Figure 1: ACX7000 Family in Early 2024

The portfolio consists of the following routers:  

  • ACX7100-32C: 1RU, aggregation of 100GE to 400GE
  • ACX7100-48L: 1RU, aggregation of 10/25/50GE to 100GE/400GE
  • ACX7509: 5RU, control plane and forwarding plane redundancy, 8 slots for three different types of FPCs
    • 20x ports SFP for 1GE to 50GE
    • 16x ports QDD for 40GE/100GE
    • 4x ports QDD56 for 400GE
  • ACX7024: 1RU, aggregation from SFP to 100GE
  • ACX7348 and ACX7332: 3RU, control-plane redundancy, with a mix of fixed 10/25GE and 100GE ports, and 3 slots for two different types of modular FPCs
    • 2x QSFPDD + 4x QSFP28
    • 16x SFP ports 1GE to 50GE
  • ACX7024X:1RU, a variant of ACX7024 with higher scale support
ACX7000 Family in Detail

Figure 2: ACX7000 Family in Detail

Now, let's detail the internals and the thought process behind the platform architecture.  

We start with an example in the form of a fixed system, based on a single forwarding ASIC.

ACX7100-32C Block Diagram

Figure 3: ACX7100 -32C Block Diagram

With this 30,000 foot view of the architecture, this ACX7100-32C contains:

  • 32x QSFP cages on the bottom, plus 4x cages QSFP56-DD for 400 GE optics
  • six blocks of fans, on the top
  • two power supply units (PSU/PSM), on the side with air baffles
  • represented in green, one big PCB (Printed Circuit Board): the "main board" or "motherboard"
  • a big heat sink covers the PFE. It's usually twice the size of the PFE, sometimes even larger
  • on the CPU board, we have another heat sink covering the Intel CPU and the SODIMM DRAM 
  • the fan board, connected to all fan modules, controls their speed
  • between the PFE and the optical cages, we have a line of heat sinks covering retimers, also called PHY.  They occupy a specific role in our design.

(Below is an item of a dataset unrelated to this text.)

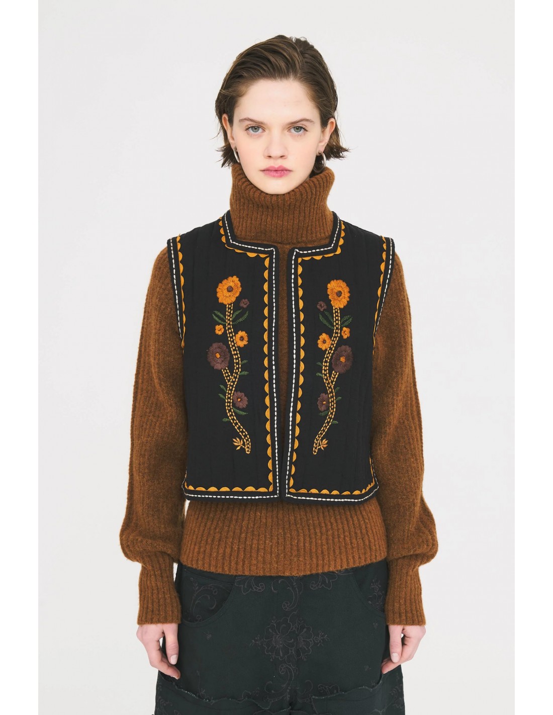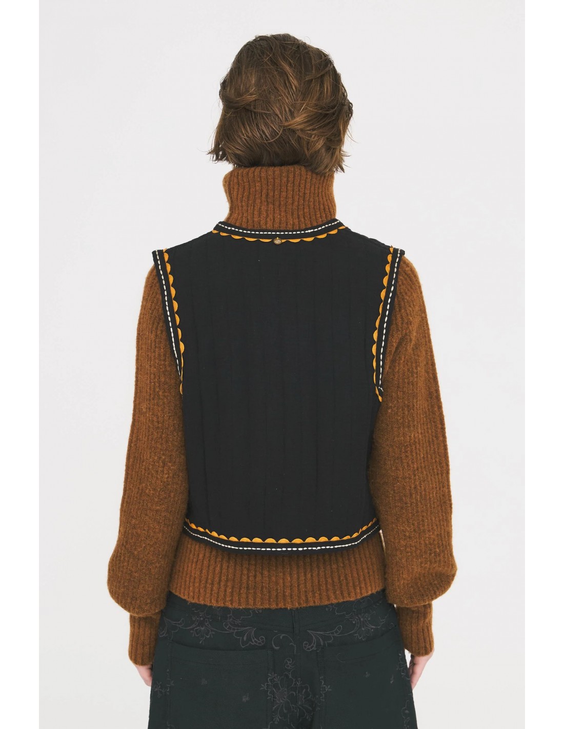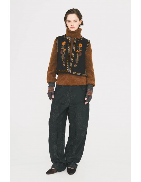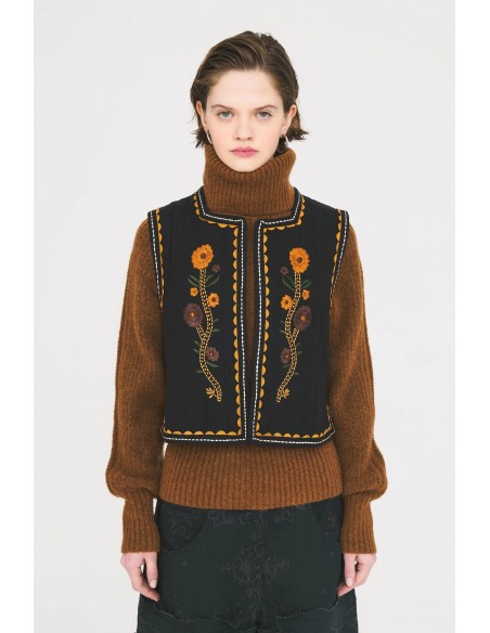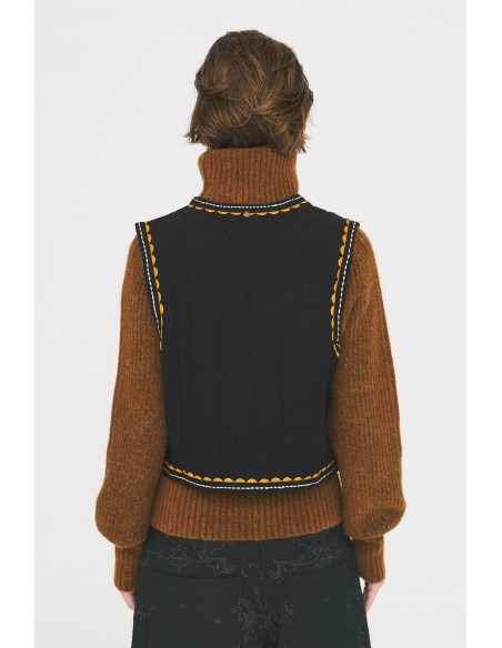 El Chaleco de Sol de Antik Batik es una prenda artesanal que combina tradición y modernidad. Confeccionado en crepé de algodón negro, destaca por su bordado a mano, que aporta textura y carácter. Su diseño sin mangas está realzado con apliques trenzados de algodón en la tapeta de botones y en las sisas, detalles que reflejan la atención al detalle y la inspiración étnica de la marca.

We will detail it in a dedicated section below
  • finally, we will find other parts like the timing FPGA on the right of the PFE, used with a MUX to interconnect it to the PFE or a revenue port.

These components occupy a lot of space inside the system.  And when the site requirements impose to reduce the depth of a chassis to the minimum, we will need to adjust specific parameters:

  • use fewer components, that means: collapse more functions in less number of parts 
  • use smaller components
  • accept that certain parts can not be FRUs (field-replaceable) but fixed in the chassis
  • increase the number of rack units, that's why ACX7300 are 3RU high

Following Figure 4 sums up the rack unit and depth of the different family members.

Metal-to-Metal Dimensions of ACX7000 Routers

Figure 4: Metal-to-Metal Dimensions of ACX7000 Routers

Redundancy

Depending on the network position, operators expect routers to offer different kinds of redundancy:

  • Power supply: module or energy feed
  • Fan trays / cooling system
  • Control plane: two routing engine/control cards
  • Forwarding plane: multiple PFE cards or a system based on fabric and line cards

All ACX7000 family members are offering fan tray and power supply redundancy: the system can operate if a PSU or power feed is lost or if one of the fans fails.

Control and Forwarding Plane

For control plane and forwarding plane redundancy, the only system offering both kinds will be the ACX7509. The ACX7300 on the other hand will offer control plane redundancy only.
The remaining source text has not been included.